“Procrastination” is derived from the Latin verb procrastinare, which means to postpone until tomorrow. This is true even in its etymology. Most people feel guilty about delaying tasks until the last minute, whether studying, doing chores, paying bills, or getting fit.
Asking yourself questions like, “Why do I procrastinate so much?” will not help you get anything done, but it will make you feel bad about yourself. What you need is help understanding procrastination, its causes, and how to overcome it.
What is procrastination?
The act of delaying something that needs to be completed is the definition of procrastination. Frequently, people who procrastinate may delay their priorities and instead concentrate on less critical, more pleasurable, and simple tasks.
Signs of procrastination often include difficulty setting priorities and succumbing to impulsivity, favoring immediate gratification over long-term goals. Procrastination usually arises from our struggle to manage internal emotions, leading us to seek external means of relief.

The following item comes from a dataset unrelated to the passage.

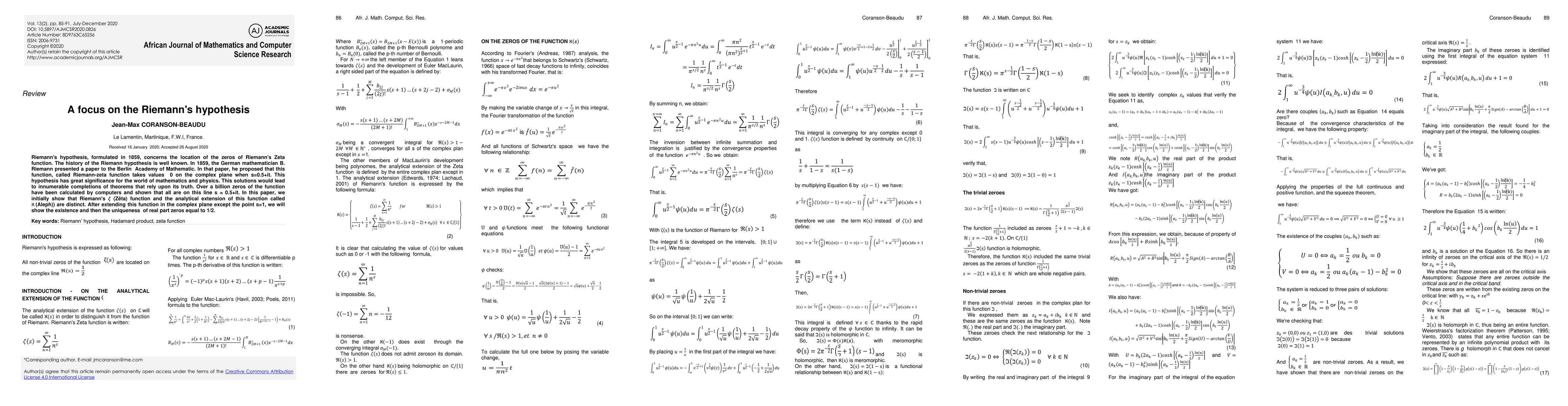 This paper explores Riemann's Hypothesis and demonstrates the distinctness of the Riemann Zeta function and its analytical extension, Aleph. It confirms the uniqueness of the zeros of the Zeta function located on the critical line s = 0.5 + it.

Dr. Tim Pychyl, a procrastination researcher, defines procrastination as a subconscious desire to feel good right now. His research found that the problem of procrastination is a problem of self-regulation. [1]
If you feel anxious, overwhelmed, confused, or frustrated by a task or fear that you may fail, you may turn to procrastination as a form of stress relief. Ultimately, individuals who procrastinate do not avoid tasks; rather, they avoid the negative emotions that are associated with specific tasks.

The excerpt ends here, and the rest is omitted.